Condensate pumps may be used to pump the condensate produced from latent water vapor in any of the following gas mixtures:
- Conditioned (cooled or heated) building air
- Refrigerated air in cooling and freezing systems
- Steam in heat exchangers and radiators
- The exhaust stream of very-high-efficiency furnaces
Condensate recovery systems help reduce three tangible costs of producing steam:
- Fuel/energy costs
- Boiler water make-up and sewage treatment
- Boiler water chemical treatment
Construction and operation
Condensate pumps as used in hydronic systems are usually electrically powered centrifugal pumps. As used in homes and individual heat exchangers, they are often small and rated at a fraction of a horsepower, but in commercial applications they range in size up to many horsepower and the electric motor is usually separated from the pump body by some form of mechanical coupling. Large industrial pumps may also serve as the feedwater pump for returning the condensate under pressure to a boiler.
Condensate pumps usually run intermittently and have a tank in which condensate can accumulate. Eventually, the accumulating liquid raises a float switch energizing the pump. The pump then runs until the level of liquid in the tank is substantially lowered. Some pumps contain a two-stage switch. As liquid rises to the trigger point of the first stage, the pump is activated. If the liquid continues to rise (perhaps because the pump has failed or its discharge is blocked), the second stage will be triggered. This stage may switch off the HVAC equipment (preventing the production of further condensate), trigger an alarm, or both.

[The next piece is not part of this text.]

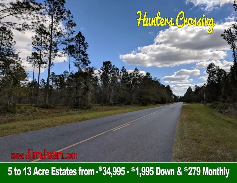 Hunters Crossing consists of 5 to 13 acre estates located in White Springs, Florida. Each estate fronts on a county maintained paved or dirt road. There is no requirement or timetable to build. However when you decide to build it must be 650 square feet or larger. Modular homes and mobile homes are allowed providing they meet the minimum square footage and are 7 years of age or newer when initially placed on the land. Farm animals are permitted with the exception of pigs. Camping is permitted on a limited basis.

Some systems may include two pumps to service the tank. In this case, the two pumps often alternate operation, and a two-stage switch serves to energize the on-duty pump at the first stage and then energize the remaining pump at the second stage. This second stage action is in addition to any triggering of other system changes as noted for a single pump installation. In this way pump runtime is shared between the two, and a backup pump is provided in case one pump fails to function as designed.
Small pumps have tanks that range from 2 to 4 liters (0.5 to 1 gallon) and are usually supported using the flanges on their tanks or simply placed upon the floor. A plastic impeller in a molded volute at the bottom of the pump provides the pumping action; this impeller is connected to the motor via a metal shaft that extends downwards from the motor mounted above the tank's top. Large pumps are usually pad-mounted drawing liquid from a tank (sump) below the floor. The smallest pumps may have no tank at all and are simply placed within a container such as the drip pan of a dehumidifier appliance.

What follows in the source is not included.